Monday, June 27, 2016

Brexit Makes Waves Along the Straits of Gibraltar

 Strait of Gibraltar map

A U.K. vote to leave the European Union this week could intensify price competition over bunker fuels in the Mediterranean, as two key ports in the region vie for dominance.

A vote for the U.K. to leave the EU would mean Gibraltar, its port and physical border, would also exit. For ship owners operating in the Mediterranean, a U.K.-Gibraltar "Brexit" would increase the number of administrative steps they would face, should their vessels wish to stop at other European ports after anchoring at Gibraltar, industry sources said. This could favor bunkering at Algeciras, a source at Spain's governmental port authority told OPIS.

"It could boost [price] competition between Gibraltar and Spain over bunker fuels," one London-based shipbroker told OPIS.

Gibraltar, whose bunker operators include Cepsa, Vemaoil and Aegean Bunkering, could move to lower prices in order to continue to attract tankers into its port.
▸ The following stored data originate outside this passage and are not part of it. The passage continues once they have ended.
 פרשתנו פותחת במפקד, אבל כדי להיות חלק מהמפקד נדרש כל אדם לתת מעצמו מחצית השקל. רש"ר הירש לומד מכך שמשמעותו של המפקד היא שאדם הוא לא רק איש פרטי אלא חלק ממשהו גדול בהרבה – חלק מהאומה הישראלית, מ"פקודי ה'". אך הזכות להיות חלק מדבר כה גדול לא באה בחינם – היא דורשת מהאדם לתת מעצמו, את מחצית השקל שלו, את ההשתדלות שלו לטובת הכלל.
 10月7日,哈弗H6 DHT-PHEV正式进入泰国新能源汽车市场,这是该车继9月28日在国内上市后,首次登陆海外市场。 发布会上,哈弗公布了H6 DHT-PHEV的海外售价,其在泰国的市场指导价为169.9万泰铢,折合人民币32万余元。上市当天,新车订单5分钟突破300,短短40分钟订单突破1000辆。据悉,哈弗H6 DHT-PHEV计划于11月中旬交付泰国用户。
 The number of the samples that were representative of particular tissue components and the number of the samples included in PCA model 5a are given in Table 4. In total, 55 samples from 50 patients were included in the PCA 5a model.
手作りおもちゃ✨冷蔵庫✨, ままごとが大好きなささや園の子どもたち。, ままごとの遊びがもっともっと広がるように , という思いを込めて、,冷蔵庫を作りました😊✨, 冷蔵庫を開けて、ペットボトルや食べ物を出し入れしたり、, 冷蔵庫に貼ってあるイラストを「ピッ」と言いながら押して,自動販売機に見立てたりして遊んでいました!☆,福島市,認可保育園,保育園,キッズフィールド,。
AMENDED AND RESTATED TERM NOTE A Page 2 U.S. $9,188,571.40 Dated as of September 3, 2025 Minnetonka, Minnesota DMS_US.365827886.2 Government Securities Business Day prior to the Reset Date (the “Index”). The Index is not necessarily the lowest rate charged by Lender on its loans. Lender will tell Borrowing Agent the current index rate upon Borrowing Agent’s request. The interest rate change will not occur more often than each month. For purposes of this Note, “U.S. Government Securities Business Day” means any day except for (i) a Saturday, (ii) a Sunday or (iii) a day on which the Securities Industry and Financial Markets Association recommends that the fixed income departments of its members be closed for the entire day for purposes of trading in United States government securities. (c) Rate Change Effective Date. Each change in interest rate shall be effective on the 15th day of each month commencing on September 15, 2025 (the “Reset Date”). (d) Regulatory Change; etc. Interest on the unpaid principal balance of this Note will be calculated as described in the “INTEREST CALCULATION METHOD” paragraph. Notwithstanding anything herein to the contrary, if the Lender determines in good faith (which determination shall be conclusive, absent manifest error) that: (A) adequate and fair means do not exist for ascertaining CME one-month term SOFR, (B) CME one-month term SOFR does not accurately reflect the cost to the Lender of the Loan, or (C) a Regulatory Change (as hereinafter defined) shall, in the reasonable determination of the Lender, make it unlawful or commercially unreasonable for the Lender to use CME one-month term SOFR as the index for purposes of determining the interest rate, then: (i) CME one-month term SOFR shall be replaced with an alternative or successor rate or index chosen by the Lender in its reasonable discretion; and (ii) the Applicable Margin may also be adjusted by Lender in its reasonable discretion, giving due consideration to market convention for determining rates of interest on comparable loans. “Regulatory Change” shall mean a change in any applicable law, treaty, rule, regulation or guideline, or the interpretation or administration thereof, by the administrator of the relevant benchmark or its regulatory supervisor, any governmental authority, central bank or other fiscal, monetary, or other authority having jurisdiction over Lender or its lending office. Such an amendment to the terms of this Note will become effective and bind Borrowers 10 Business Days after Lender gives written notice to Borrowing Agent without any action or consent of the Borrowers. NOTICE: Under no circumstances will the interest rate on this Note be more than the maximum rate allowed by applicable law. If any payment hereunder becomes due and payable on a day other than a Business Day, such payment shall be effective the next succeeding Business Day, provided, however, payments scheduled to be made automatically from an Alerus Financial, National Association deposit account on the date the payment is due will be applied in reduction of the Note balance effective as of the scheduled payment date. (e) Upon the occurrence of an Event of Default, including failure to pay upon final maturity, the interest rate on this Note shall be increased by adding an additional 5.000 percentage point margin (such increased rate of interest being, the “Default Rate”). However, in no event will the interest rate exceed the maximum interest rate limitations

Bunker fuels administered at the port currently enjoy a tax-free status within the EU.

The port of Algeciras, already something of a hub with respect to the storage and transit of oil products and bunkering, is poised to seize new customs should shipowners opt to avoid the port of Gibraltar. Last year, Algeciras administered some 3.2 million tons of bunker fuels. Some 8,600 vessels have stopped at the port to refuel so far this year.

"It's a hot question these days," Agustin Silva, managing director of the Vopak Algeciras storage terminal, which specializes in bunker fuels, told OPIS in an email last week. "At Vopak Algeciras we don't see as a threat the Brexit. Today, Algeciras and Gibraltar compete with already different customs and excise regimes.

Gibraltar today is not part of the Common Customs Territory ... as Vopak we have the maximum respect for the political decisions of the countries we operate in."

"If prices at Gibraltar do go up, people will switch to somewhere else [for bunkering]," the shipbroker said. "There are plenty of options. But Gibraltar is such a brilliant place for vessels to stop. Strategically, it's convenient and incredibly safe, I don't think that for a couple of hours in extra paperwork ship owners will stop using it," he added.

The impact of the Brexit on the bunkering activities of Algeciras and Gibraltar "remains to be seen," a spokeswoman for the Algeciras port authority told OPIS.

The Gibraltar port authority did not respond to requests to comment by presstime.